In this study, we investigated 110 primary colorectal cancers and 20 colorectal liver metastasis patients from China mainland for this c-src specific mutation.
Primary colorectal tumors and corresponding normal tissues and blood samples were obtained from a total of 110 Chinese patients (median age of 52 years, ranging from 36 to 72 years) with primary colorectal cancer during surgery at Changhai Hospital and Changzheng Hospital (both in Shanghai, China) from May 2003 to December 2003. The tumors were classified as Duke stage A in 21, B in 26, C in 38 and D in 25. Twenty liver metastases with colorectal origin were from Shanghai Eastern Hepatobiliary Surgery Hospital. Tissue samples were stored at -80 °C until DNA extraction.

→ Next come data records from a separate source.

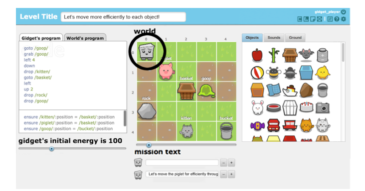
Figure 1. Gidget's level design mode (the Gidget character is circled). In this mode, learners design their own levels for others to solve. Players write code (left) that can include graphics (right), and see animated results (middle), and graphics for the level are on the right.

Oregon State University School of EECS<sup>2</sup> and STEM Academy<sup>3</sup> Corvallis, Oregon, USA
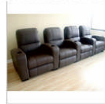
Home Theater Seating - 4 Piece Set in Brown
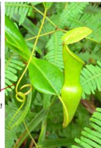
Super insect food catcher! - a leaf extended into a pitcher, which contains a digestive liquid and has a very slippery surface.
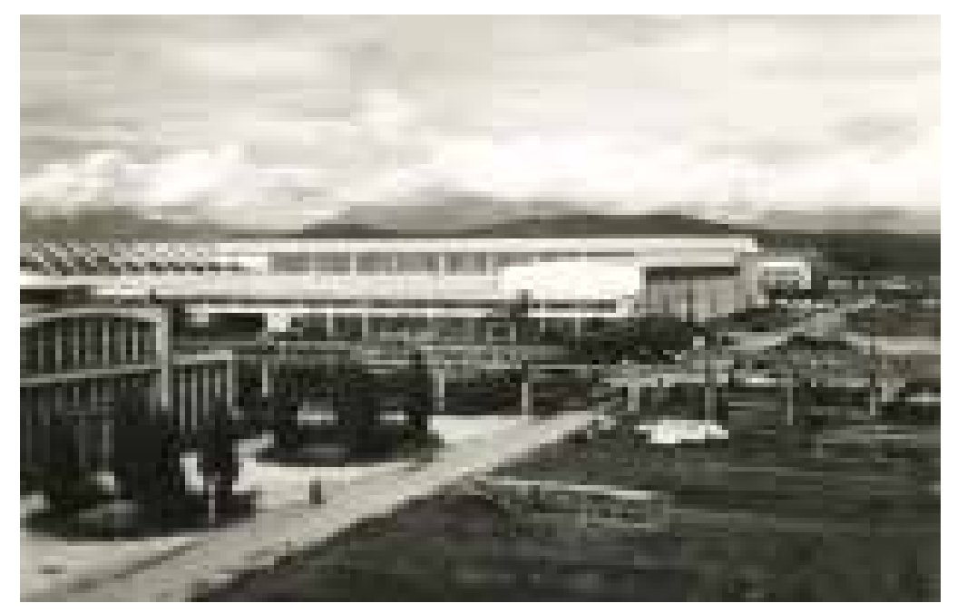
Fig 3: Litostroj was designed as factory complex in the green.

The industrial facilities testify to the great deal of innovation and design sensibility, which should be given some attention in the paper. This is a complex of major dimensions;
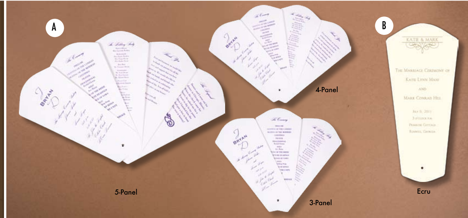
A. White Peacock Fan Price Group C Monogram: M-36 Ink: Violet Titles: RKS Copy: BOD The Peacock Fan Program - Each Panel 4" x 8 3/4" 3-Panel, 4-Panel and 5-Panel Available (Fans will arrive unassembled) Fasteners/Brads and Pearl adhesives sold separately - see side panel. A. White B. Ecru 3-Panel: WP1082T WP1078T 4-Panel: WP1082F WP1078F 5-Panel: WP1082V WP1078V Note: Peacock layout only as shown. Motif is increased in size on front panel only. You may choose types for front panel and remaining panel headers only. (i.e. The Ceremony, The Wedding Party, etc.) B. Ecru Peacock Fan Price Group C Monogram: M-310 Ink: Almond Front Copy: LCR
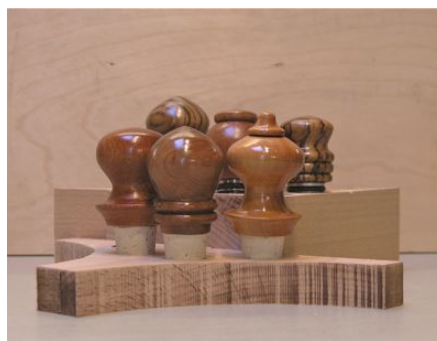
Jeanette Baker - bottle stoppers
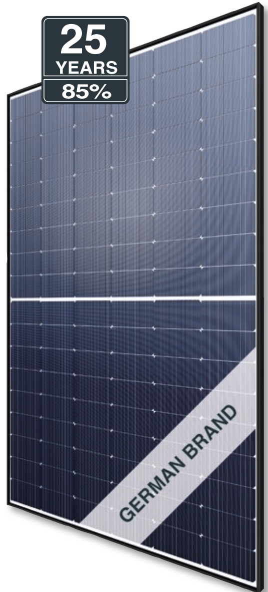
Fig. similar 108MHEN20530A

Exclusive linear AXITEC high performance guarantee!
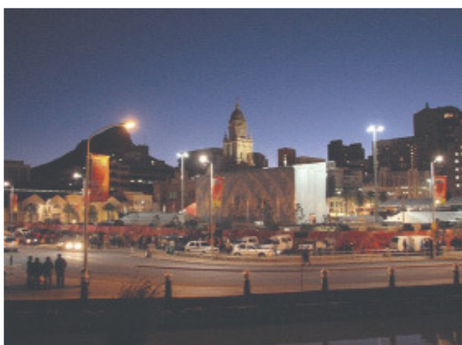
FIFA Fan Fest on the Grand Parade, as seen from the Castle

As the Defence Reserves' Provincial Office Western Cape (DRPOWC), together with the organisers of the Cape Town Military Tattoo, has accepted responsibility for youth development in Cape Town, the month-long programme at the Castle during the FIFA World Cup was a perfect opportunity to showcase the military's active involvement with regard to skills development initiatives for the youth, by giving five talented youth groups from disadvantaged areas an opportunity to perform in the grounds of the magnificent old Castle. Each group was given a guided tour of the Castle after their
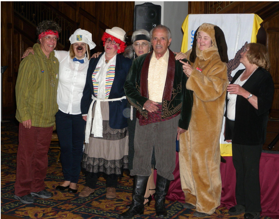
SFHA 30th Anniversary Dinner, 2012
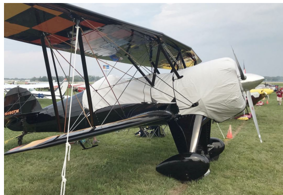
Waco Taperwing Cockpit & Engine Covers
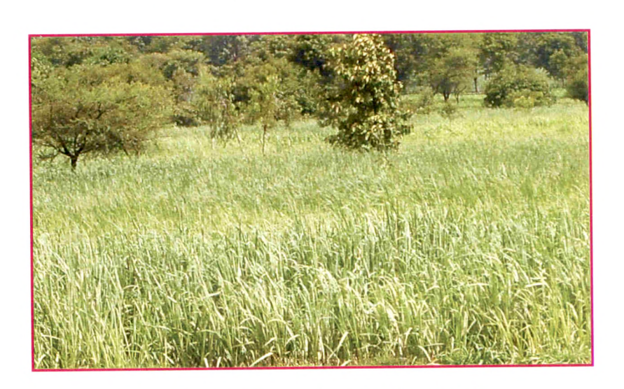
Sugarcane Cropping at Nandyal
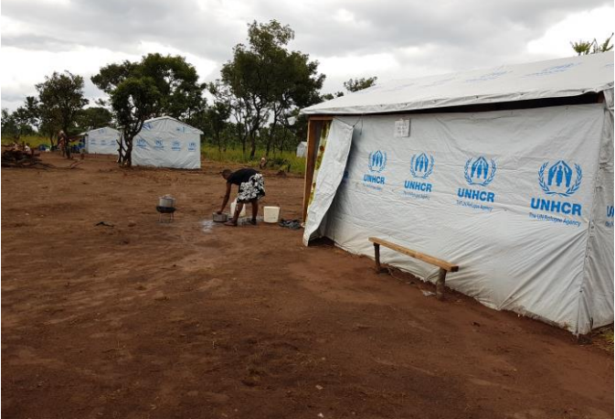
Village F1,Family Shelters, February 2018
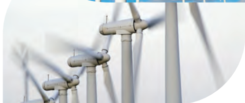
No construction risk
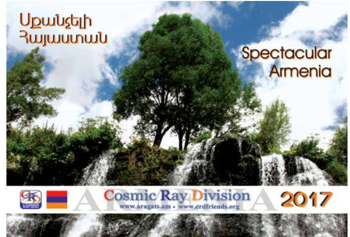
2017 Spectacular Armenia Calendar available for purchase on the website and selected stores
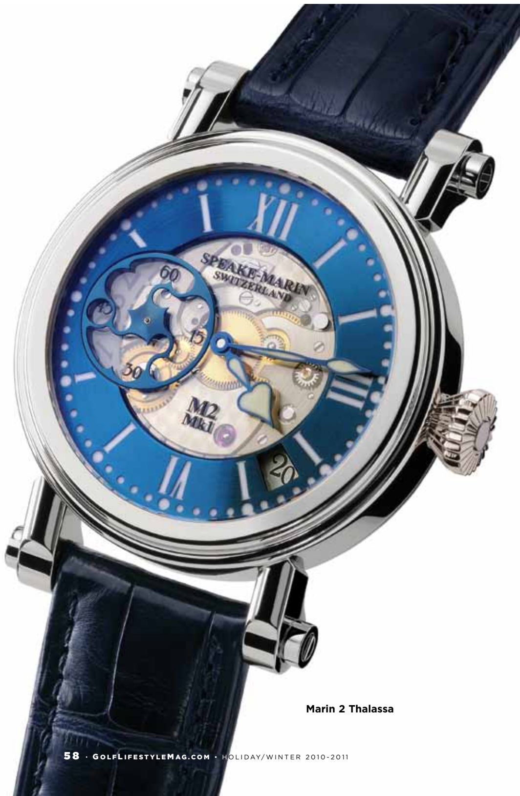
Marin 2 Thalassa
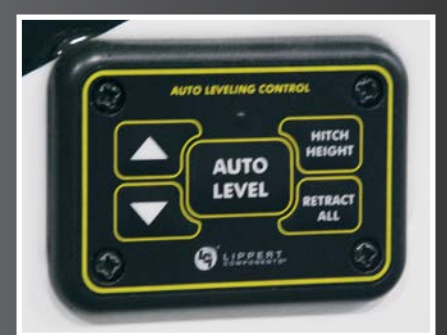
Standard 4-POINT AUTO-LEVELING does all the work
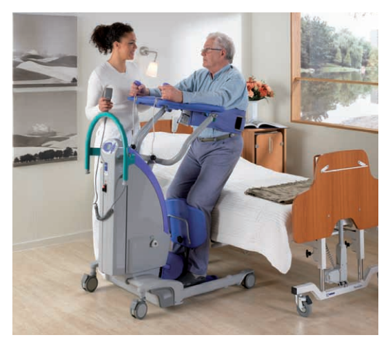
A single carer can manage transfers, safely and efficiently.

The sling is an integral part of the Comfort Circle, and a range of solutions is available to suit specific needs. In addition to the basic standing sling, a special BOS/EPS sling enables standing in a more upright position, which is more favourable for rehabilitation. The transfer/walking sling supports residents who need to be transferred in a seated position, and is also ideal for walking exercises.
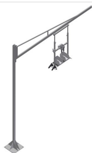
Equipment holder G 3000 + Steel column S 3000
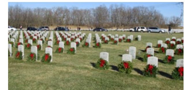
Photo of holiday wreaths that were laid at veterans' headstones.
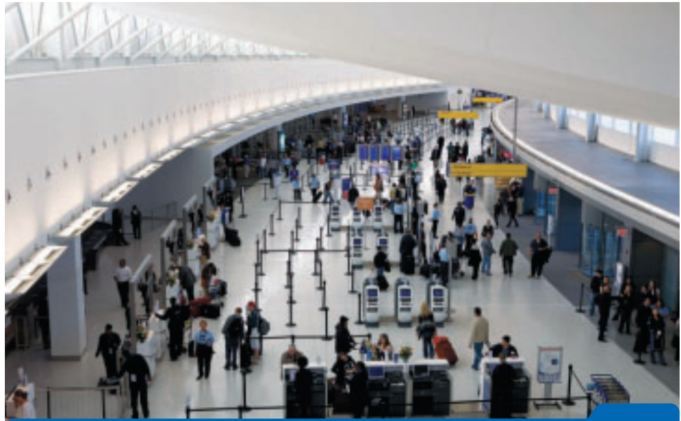
JetBlue Airways strives to achieve service excellence in the air as well as on the ground. Based out of New York JFK's Terminal 5, the airline offers simple check-in options, ample security lanes, sufficient seating at gates, free Wi-Fi, several dining and shopping venues, and a children's play area.

Q: What are some top reasons customers choose JetBlue rather than
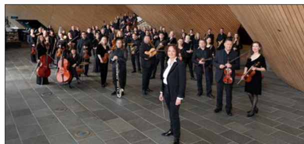
Kristiansand Symphony Orchestra
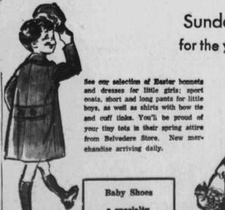
Baby Shoes a specialty

For Mother . . . Smart shoes for the lady of the house in the latest patterns, best heights and colors by famous names as Vitality, Naturalizer, Fiancee, Savage, Sapphires.
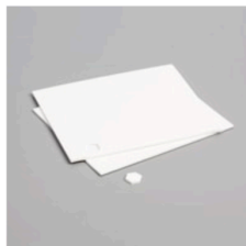
Stampin' Dimensionals [104430]
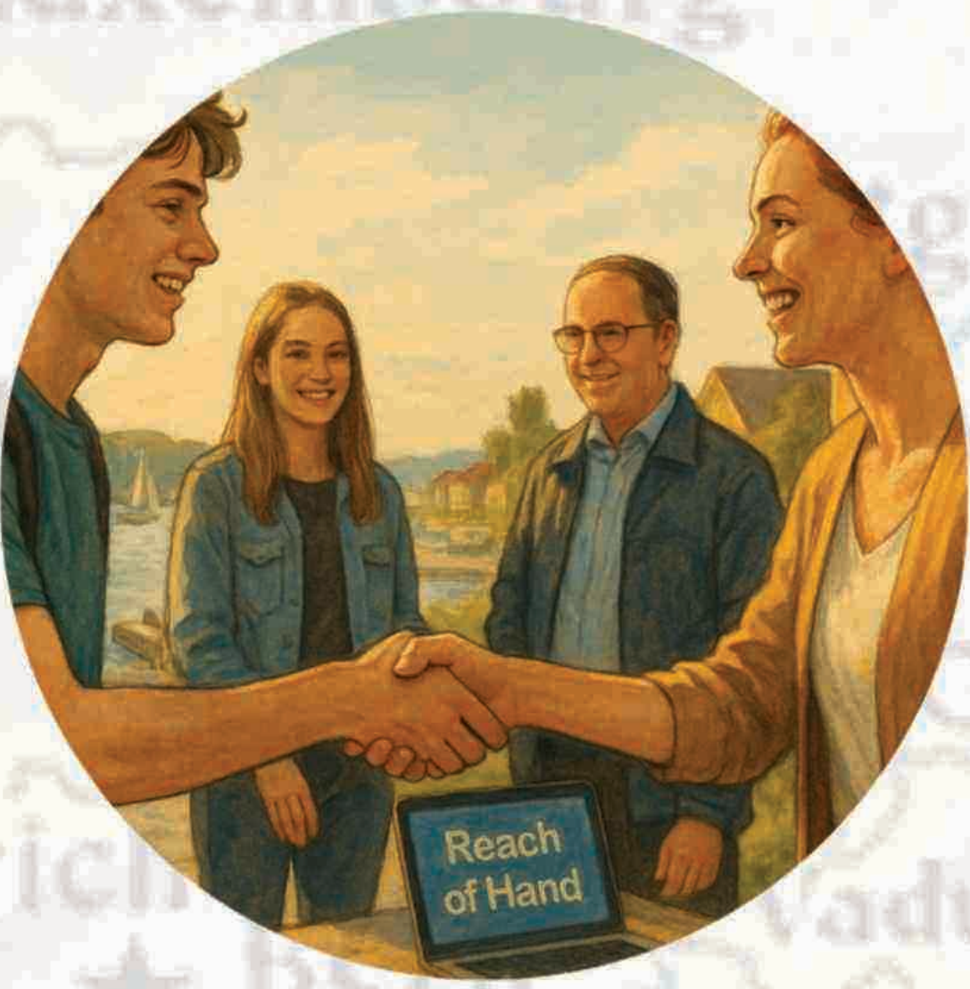
REACH OF HAND
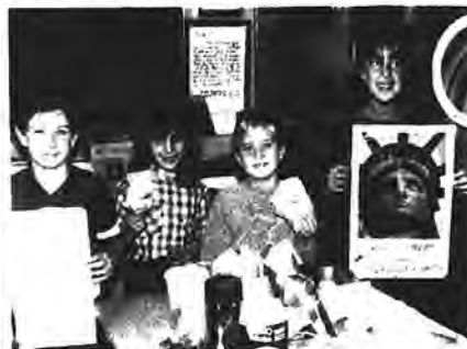
The children at Old Bethpage School went "Trick or Treating for Liberty" on Halloween. Instead of asking for candy they asked for coins so that they could contribute to the Statue of Liberty Restoration Fund. They collected over $400 for this worthy cause.
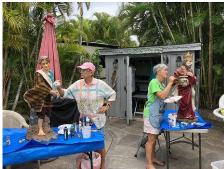
Painting takes concentration
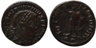
1118 Roman Imperial. Bronze Æ. 18mm 3,33g
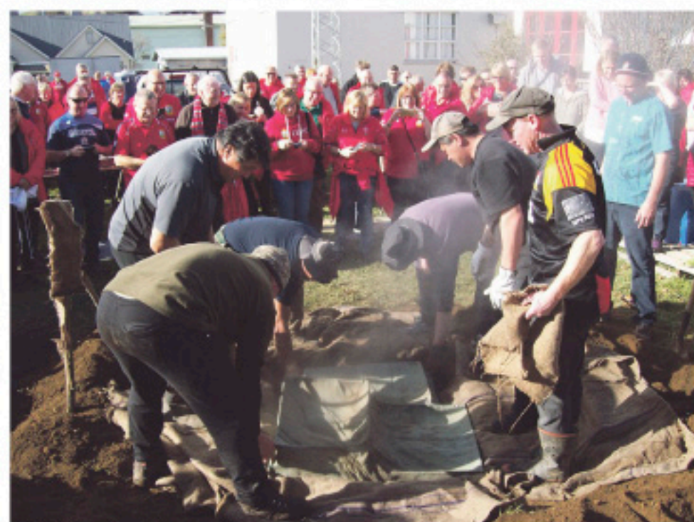
A "sea" of red looked on, as its hangi lunch was pulled from the ground.
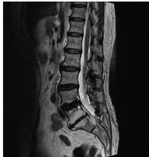
Fig. 1. Magnetic resonance imaging lumbosacral spine T2-weighted sagittal image showing postoperative discitis at the L5–S1 level.
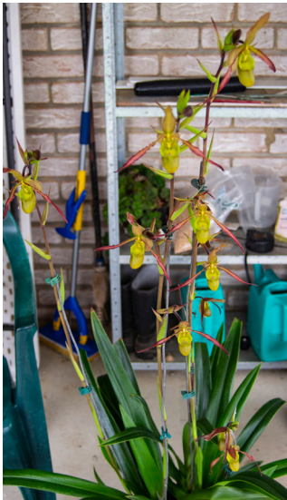
Phrag, Sorcerer's Apprentice
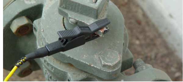
Good contact at the connection point aids current flow.

Solid metal-to-metal contact between the transmitter's clip lead and the connection point is essential for the efficient transfer of signal energy (current). Scrape away any paint, dirt, or corrosion, and work the clip's teeth into the connection point to get good metal-to-metal contact. The better the contact the less resistance there will be to current flow.
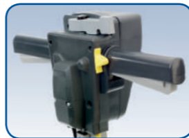
Simple operator control

Transmission of power to the floor is seamless via the long-life oil filled planetary gearbox resulting in superb handling characteristics.
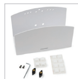
CPU Holder Small: 80-063-200 (black) 80-063-216 (white) Medium: 97-468-202 (silver) 97-468-216 (white)
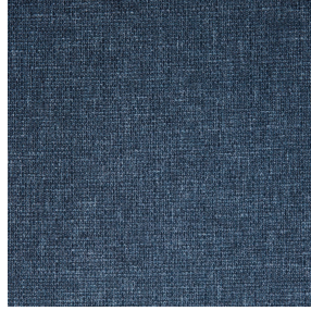
MUNA Indigo 144 Print pattern
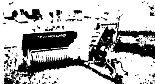
NH 315 BALER With Fold-Up PTO Thrower, Used 2 Seasons Very Nice - $6950 More On Stock
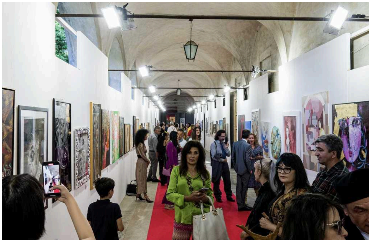
Visitors at the Gonzaga Museum exhibition. Photo and text provided by Liu Liuchengxi.
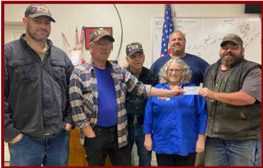
Post 5514 Post and Auxiliary Troy Montana presented 2 Checks to the Libby Firemen Fund. Post 5514 presented a check for $3072.00 and Post 5514 Auxiliary presented a check for $700.00
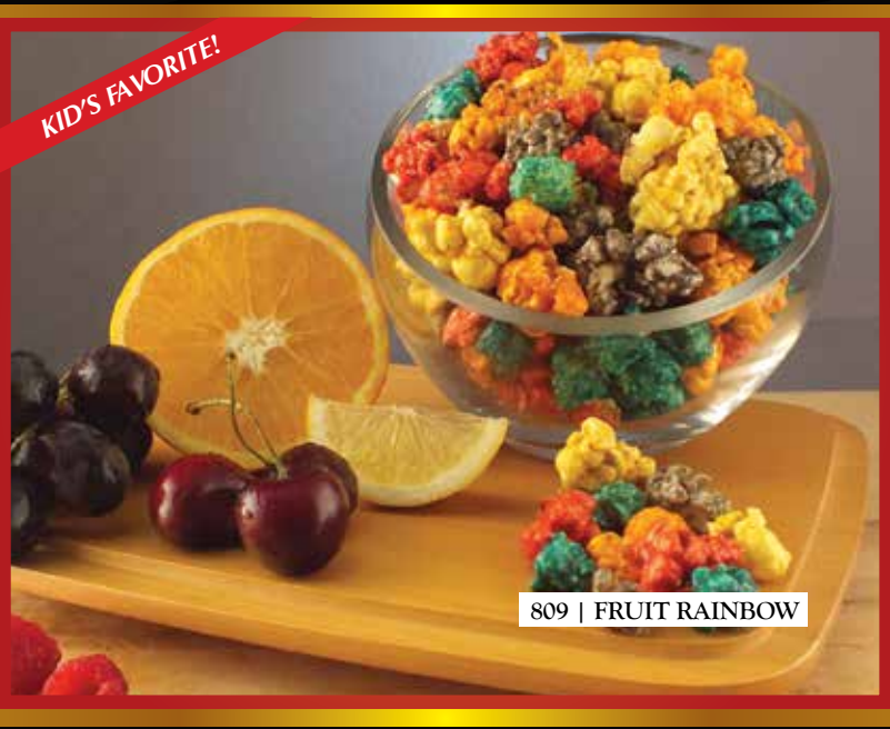
809 | FRUIT RAINBOW

Genomic DNA was extracted as previously described[7]. DNAs from all 130 samples served as templates for PCR (Perkin-Elmer) with primers set to amplify exon 12 of c-src. The sequences of primers were as follows: forward, 5’-ACAGGGATGGTGAACCGCGA-3’ and reverse, 5’-ATCCAAGCCGAGAAGCCGGT-3’.
After DNA extraction (QIAquick PCR purification kit, Qiagen), PCR products were digested with 5 Units of restriction enzyme Sca I overnight. Plasmid DNAs bearing src 531 mutation created by using overlap extension PCR[8] were used as positive controls. The possible digestion-positive samples were cloned into T-vector (pGEM®-T vector, Promega) and sequenced automatically (Perkin Elmer-Roche, Banchburg, NJ).
PCR products of genomic DNA were screened for mutations by single-strand conformational polymorphism (SSCP) analysis exactly as previously described[9].
PCR with primers devised here generated a 266-bp fragment, which was confirmed to be exon 12 of c-src by direct sequencing (Figure 1). Only one sample (Figure 2) was positive by RFLP analysis among the 110 samples of colorectal cancer and 20 liver metastases in this study. This No. 73 sample could only be partially digested by 5U Sca I even after overnight digestion, implying that the corresponding DNA template was a mixture of mutated and wild type clones.
This positive PCR product was cloned into T vector, and 20 transformants were selected for sequencing. The result confirmed the presence of 531 C-T mutation and the ratio of mutated clones vs wild type clones was 8:12 (Figure 3). To further know whether it was a somatic or germ line mutation, we analyzed its paired normal samples and blood likewise, but could not find any mutation (Figure 2).
Additionally, SSCP was carried out to screen possible other mutations of c-src in exon 12. No aberrant band was found except for No. 73 sample and positive control (Figure 4).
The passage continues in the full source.